Postdoc: Hüseyin Aydin (h.aydin@uu.nl)
Research project description
The project focuses on information privacy for the cases that concern multiple users. Considering the complexity of the problem along with its distributed and dynamic nature, the aim of the study can be described as the following: (i) modeling the factors that build people’s privacy preferences, (ii) adapting and applying multi-agent reinforcement learning methods on this model to compromise users’ choices, and (iii) evaluating the overall framework with real life scenarios and making further adjustments on the components if necessary.

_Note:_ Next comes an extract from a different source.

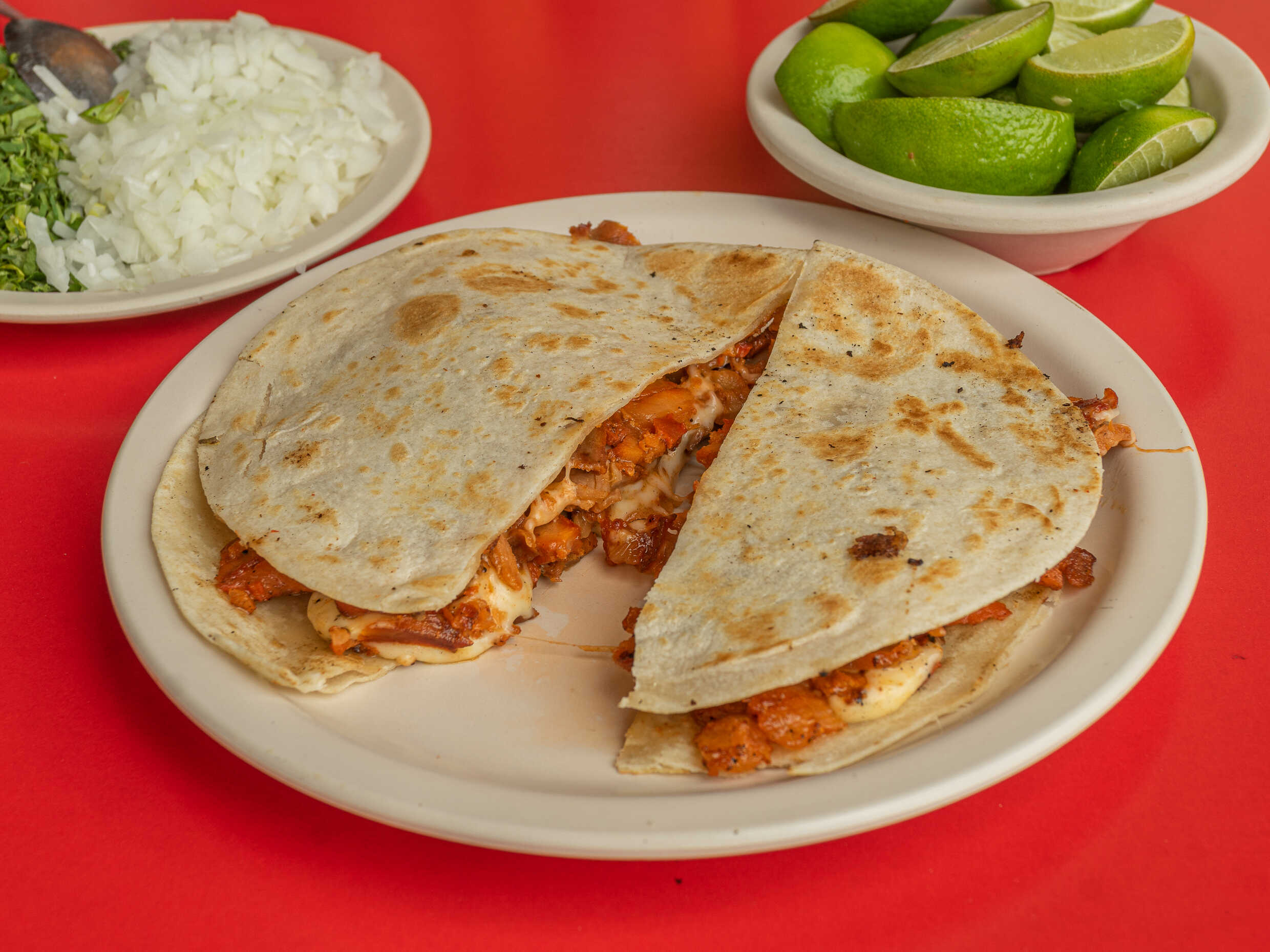 1 Kg de pastor acompañado de cebollitas asadas, salsas, verdura, limones y tortillas.

Project’s novel aspects include (i) the application of reinforcement learning on a privacy problem that concerns a group of people, rather than an individual content whose decision solely depends on a person, and (ii) the construction of a solution for the conflicts of multiple users’ privacy preferences that is completely based on a learning method by the elimination of the necessity for negotiation methods.

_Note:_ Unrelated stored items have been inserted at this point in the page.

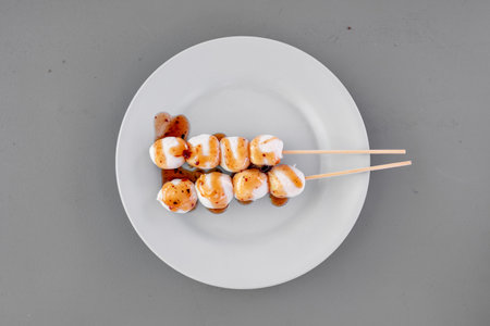 grilled pork ball stabbing in wooden stick dressing spicy and sweet sauce on plate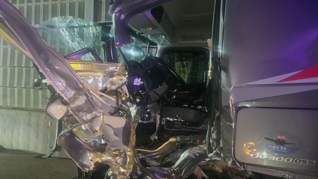 화물차가 고속도로 공사 차량 추돌…60대 운전자 부상
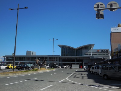 清水駅西口の「江尻口」を出ると、ロータリーの真ん中あたりにサッカーをしている子供たちの銅像山田収さん作の「瞬間」があります。サッカーの町という印象を受けます。

Although autonomous solution by the learning agents with less human intervention is aimed within this study, the system should be adaptive to the changing behavior of the humans that agents represent. Hence, the system must be interacting with humans as needed. In this manner, the balance between frequently requiring manual actions by the end-users of the system and ignoring the dynamic behavior of the humans via completely automating the process can be obtained.

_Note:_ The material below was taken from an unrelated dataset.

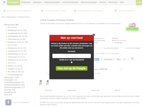 Indien een product niet op voorraad is krijgt de klant een mogelijkheid om zijn email adres achter te laten. Blijf klanten op de hoogte houden en verhoog uw conversie.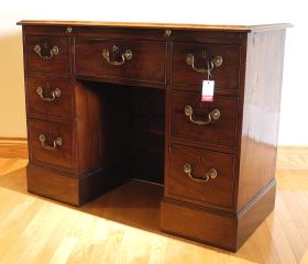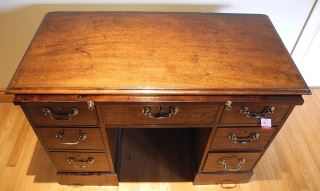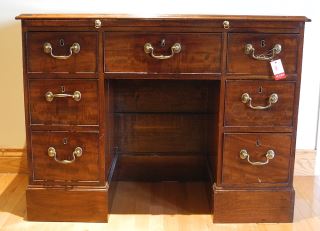 Georgian Mahogany Kneehole Desk With 7 Drawers and Pull Out Slide, 42"w x 19 3/4D x 31 3/4h

PhD Student: Amir Homayounirad (A.Homayounirad@tudelft.nl)
Research project description
Deliberation is the process of exchanging opinions and debating problems in depth. Moderators are crucial in facilitating this process and act as democratic intermediaries. Due to the subjective nature of their work, which requires specialized understanding and reasoning skills to help users within a discussion, causing large cognitive loads depending on the context and scale, moderators can benefit from the ability to process large datasets and the speed of AI techniques. Hence, we will develop hybrid (Human + AI) methods, utilizing natural language processing to assist moderators in facilitating deliberation towards supporting individuals and groups to have a more reflective discussion in online settings. To this end, we (1) Employ value theory to understand people’s value preferences and determine arguments that help explain why those values are relevant in context, (2) estimate individual preferences, and (3) support individuals/groups in reacting to others’ viewpoints.